- [Task to complete]
The copy has to match the data exactly and leave out every picture.

==== Data records

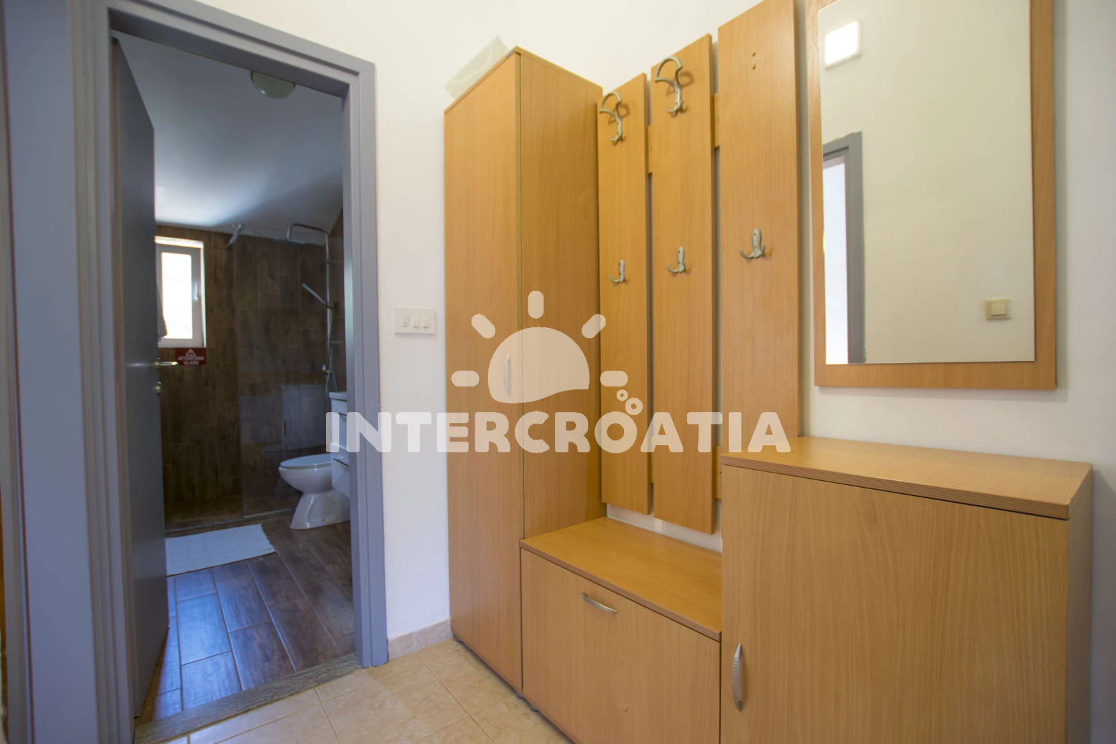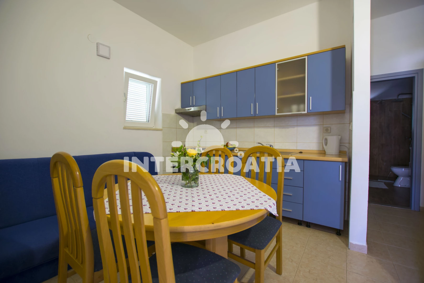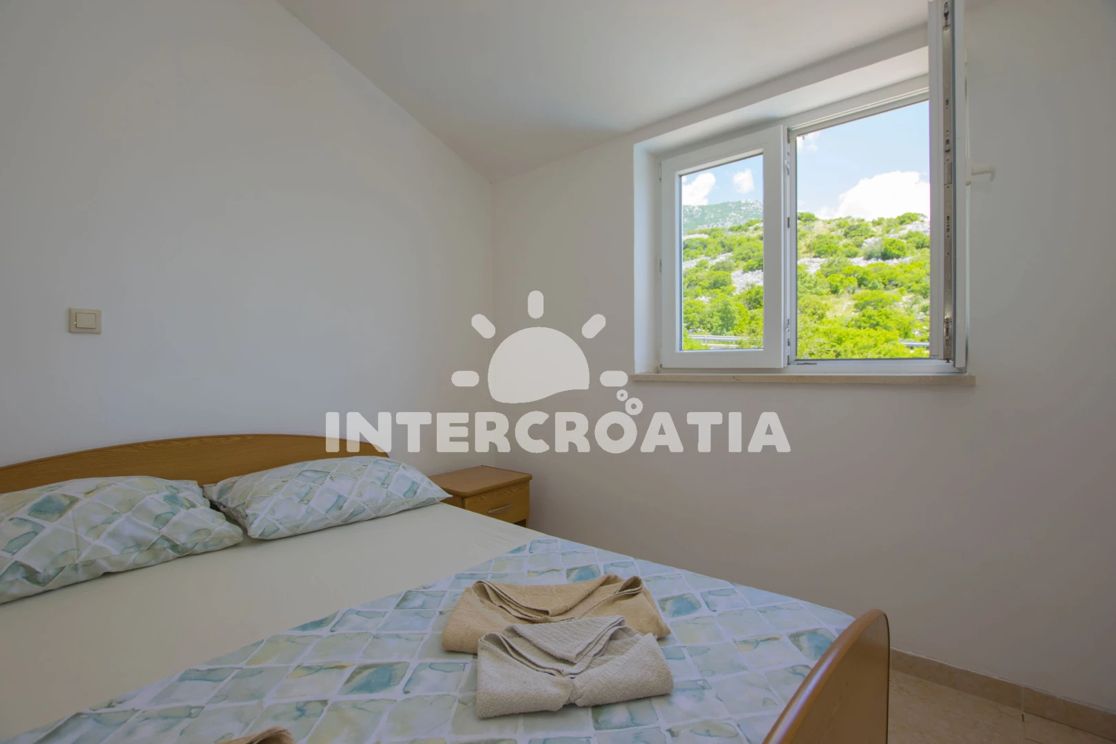Vzdálenosti: Moře 100 m, pláž 100 m (skalnatá a oblázková), půjčovna motorových člunů 100 m, supermarket 350 m, bar 350 m, restaurace 350 m, lékárna 4 km, ambulance 4 km, čerpací stanice 4 km, centrum 5 km, trajekt (Prizna) 8 km,
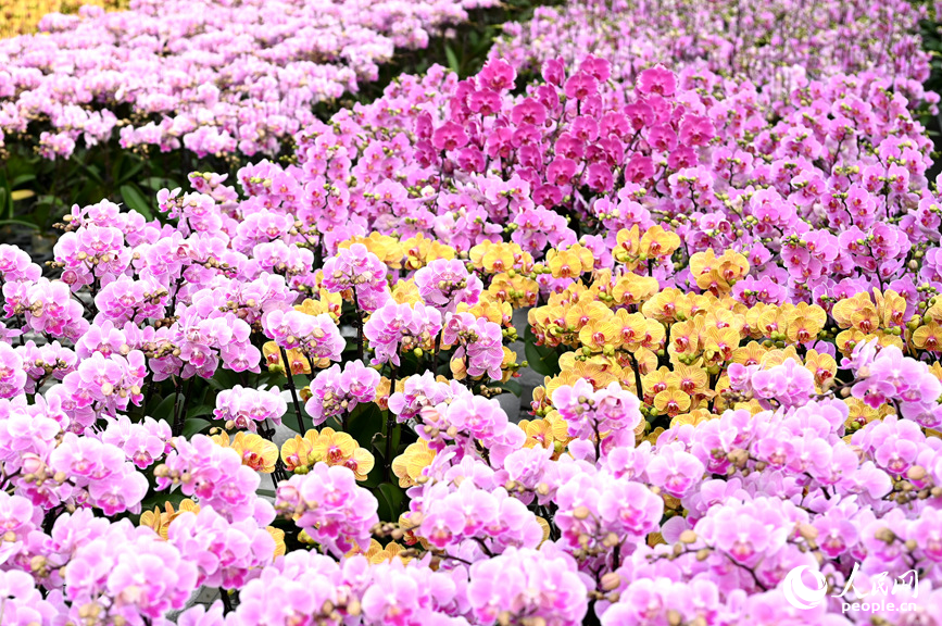The city currently boasts a total butterfly orchid planting area of over 280 mu (about 18.67 hectares). With nearly 200 varieties, butterfly orchid planting bases in the city produce more than 1.5 million plants annually, with around 200,000 sold around the Spring Festival.
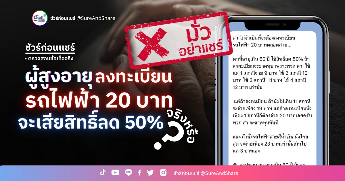 ตามที่มีการแชร์ข้อความระบุ ผู้สูงอายุ ลงทะเบียนรถไฟฟ้า 20 บาทตลอดสาย จะเสียสิทธิ์ 50 % นั้น
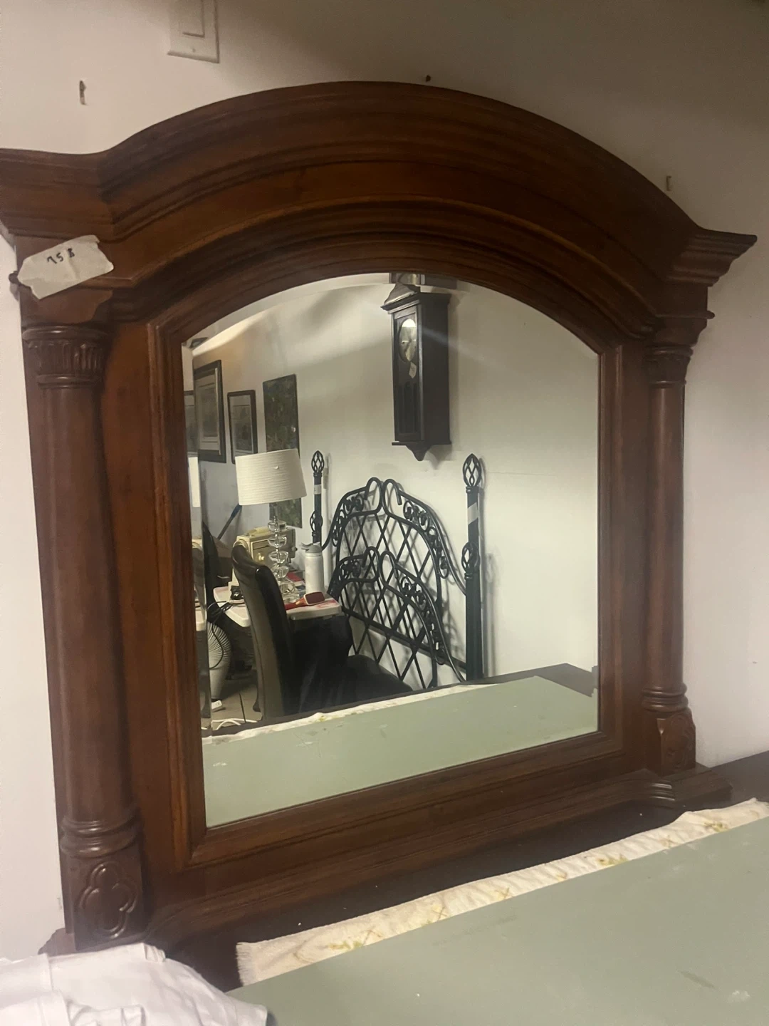 Here is a lovely wooden framed mirror! It would be perfect for any room in the house or above a fireplace. Bevelled glass and solid wood frame
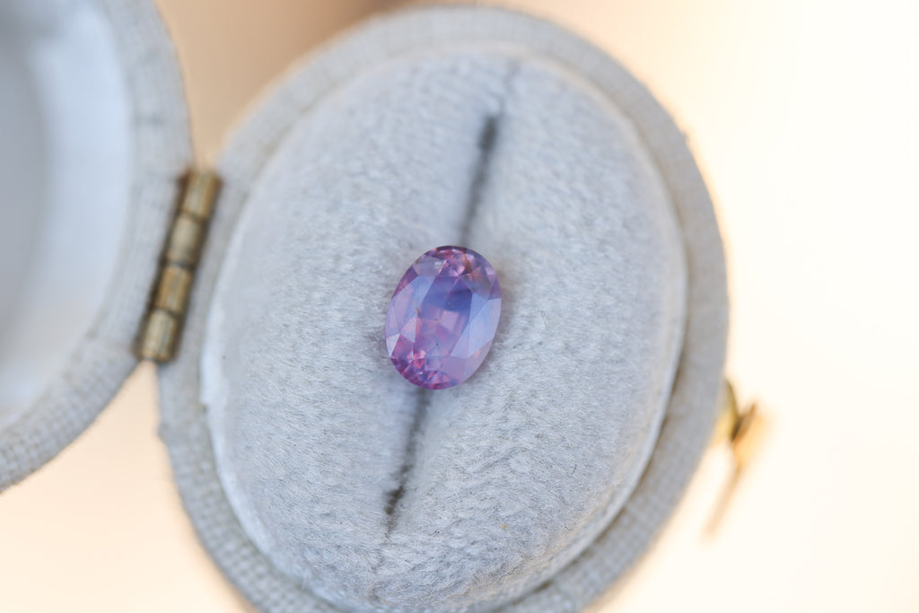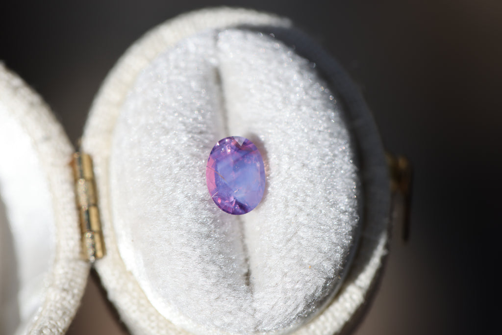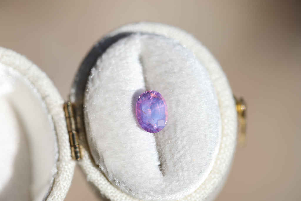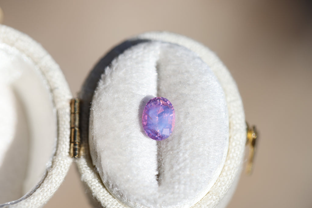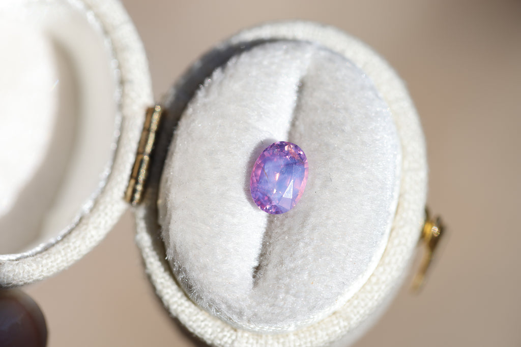 Such a pretty oval opalescent pink purple sapphire! Like a cotton candy gem!
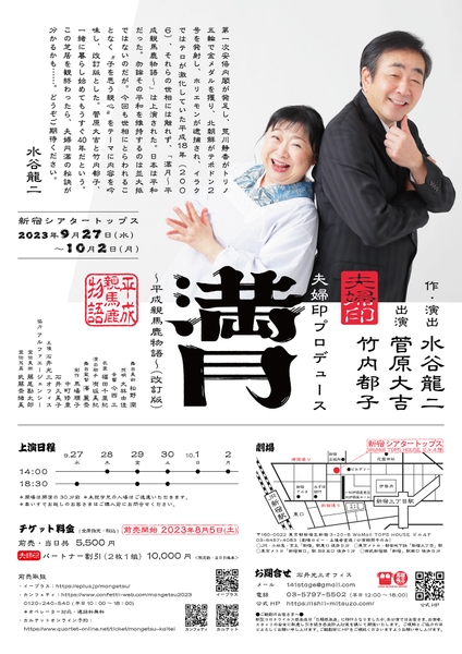 石井光三オフィス主催、夫婦印プロデュース『満月~平成親馬鹿物語~(改訂版)』が2023年9月27日 (水) ~2023年10月2日 (月)に新宿シアタートップス(東京都新宿区新宿3丁目20-8TOPS HOUSE 4F)にて上演されます。
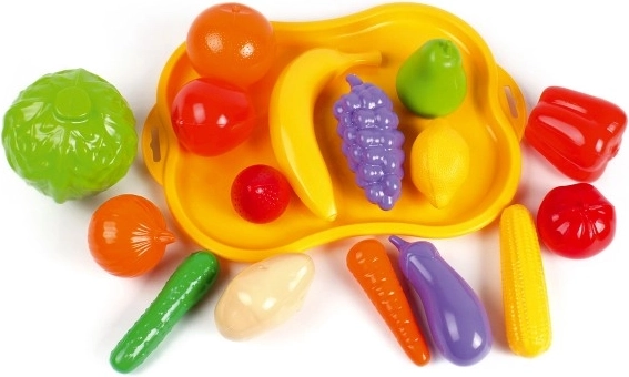 Пластмасовият комплект плодове и зеленчуци предлага чудесна възможност за децата да се научат да различават различни видове храни. Комплектът съдържа имитации на плодове и зеленчуци върху стабилен жълт поднос. Подпомага когнитивното развитие и помага на децата да разберат основите на здравословното хранене.
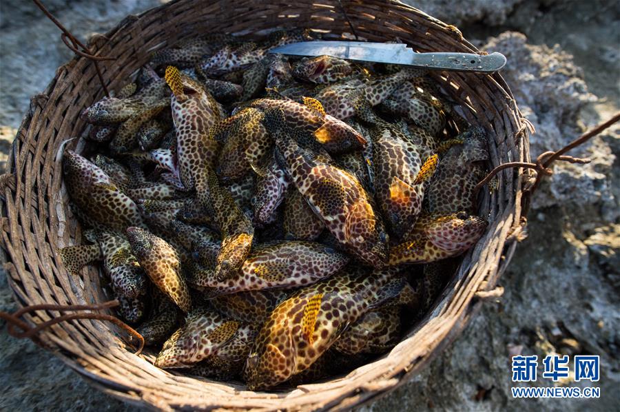 三沙赵述岛渔民收获的小石斑鱼(12月11日摄)。时下正值冬季,在我国南部的海南省三沙市,温暖的气候、迷人的海岛、朴实的渔民、风光旖旎的日出日落,共同绘就一幅我国南海独有的瑰丽画面。新华社记者 赵颖全 摄

========

- [Output]
Vzdálenosti: Moře 100 m, pláž 100 m (skalnatá a oblázková), půjčovna motorových člunů 100 m, supermarket 350 m, bar 350 m, restaurace 350 m, lékárna 4 km, ambulance 4 km, čerpací stanice 4 km, centrum 5 km, trajekt (Prizna) 8 km,
The city currently boasts a total butterfly orchid planting area of over 280 mu (about 18.67 hectares). With nearly 200 varieties, butterfly orchid planting bases in the city produce more than 1.5 million plants annually, with around 200,000 sold around the Spring Festival.
 ตามที่มีการแชร์ข้อความระบุ ผู้สูงอายุ ลงทะเบียนรถไฟฟ้า 20 บาทตลอดสาย จะเสียสิทธิ์ 50 % นั้น
 Here is a lovely wooden framed mirror! It would be perfect for any room in the house or above a fireplace. Bevelled glass and solid wood frame
 Such a pretty oval opalescent pink purple sapphire! Like a cotton candy gem!
 石井光三オフィス主催、夫婦印プロデュース『満月~平成親馬鹿物語~(改訂版)』が2023年9月27日 (水) ~2023年10月2日 (月)に新宿シアタートップス(東京都新宿区新宿3丁目20-8TOPS HOUSE 4F)にて上演されます。
 Пластмасовият комплект плодове и зеленчуци предлага чудесна възможност за децата да се научат да различават различни видове храни. Комплектът съдържа имитации на плодове и зеленчуци върху стабилен жълт поднос. Подпомага когнитивното развитие и помага на децата да разберат основите на здравословното хранене.
 三沙赵述岛渔民收获的小石斑鱼(12月11日摄)。时下正值冬季,在我国南部的海南省三沙市,温暖的气候、迷人的海岛、朴实的渔民、风光旖旎的日出日落,共同绘就一幅我国南海独有的瑰丽画面。新华社记者 赵颖全 摄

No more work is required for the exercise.